Here’s another way scouts define sleepers. If a kid goes to a small school, or a school that’s not Power 5 (the MAC, let’s say, or the Sun Belt, or the Mountain West), he could be a sleeper. It’s a very loose term, obviously, but the players in the latter rounds could almost all be considered sleepers. Just look at how many got cut last weekend. These are players that teams don’t expect to be stars, and if they do, they ‘awoke’ and became game-changers.
This is very different from how agents look at things.
Players that are legitimate fourth- and fifth-round prospects are a long ways from being sleepers. Shoot, guys that everyone agrees will be drafted aren’t sleepers. Not for agents, at least. Why?
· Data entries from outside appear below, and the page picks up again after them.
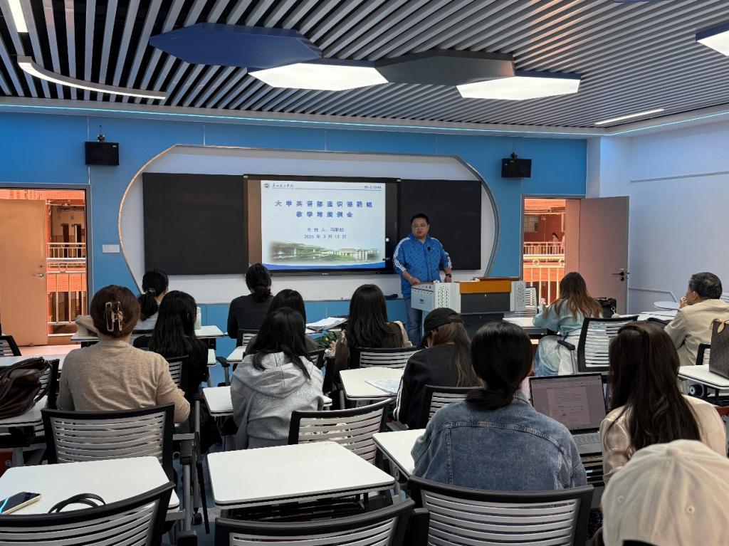 2026年3月12日,外国语学院大学英语部通识课程组在白云校区召开春季学期3月份教学工作例会。会议由大学英语部主任助理马昕劼老师主持,外国语学院副院长冯军霞、督导刘惠琴教授和通识课程组全体教师参加了会议。
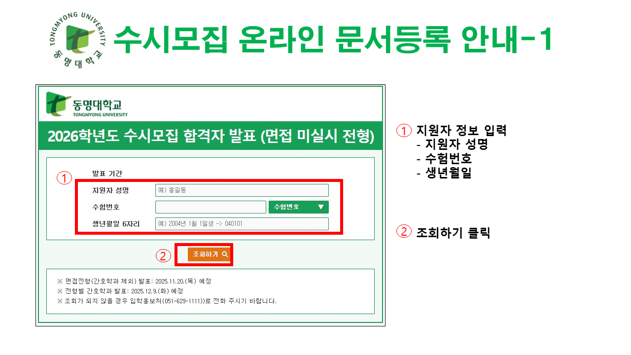 2026학년도 수시모집 합격자 안내사항
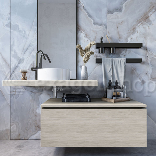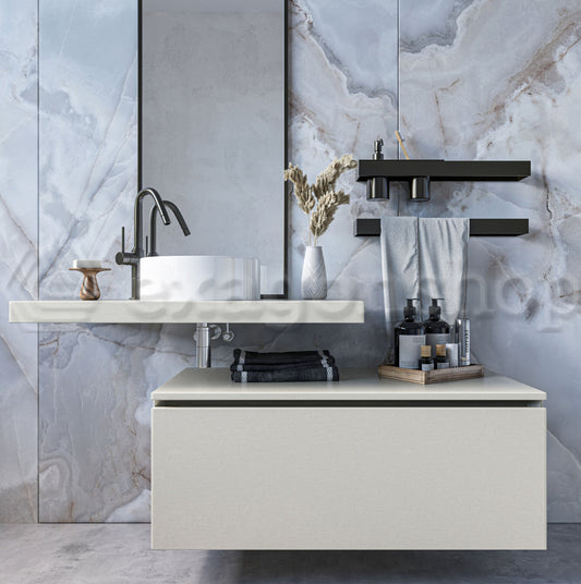 Per i mobili da bagno con lavabo e il mobile lavabo bagno, offriamo ceramica bianca di alta qualità , mineralguss e cristallo, tutti materiali igienici e durevoli. Il mobile per lavabo bagno può essere personalizzato con diverse finiture e materiali. I top possono essere in laminato, marmo, quarzo o cemento per un tocco industrial style. La cura nella selezione dei materiali assicura che il tuo mobile da bagno mantenga la sua bellezza e funzionalità nel tempo.

Because these days, once a kid gets identified as a legit draft prospect, word gets out quickly. Sooner or later, word gets back to the player himself. Maybe he already saw himself that way, but either way, once he gets that stamp of legitimacy, he expects training. That means an agent can expect to spend $10,000, minimum, getting him ready for his pro day.
Once several agents offer to pay for training, a player’s price and expectation level take off. He might still be a guy that many teams have their doubts about, but agents have to make a significant investment to sign them at that point.
Finding sleepers in the draft is hard for NFL teams, but easier than ever due to the Internet and a number of other factors. But for agents, it’s quite a challenge.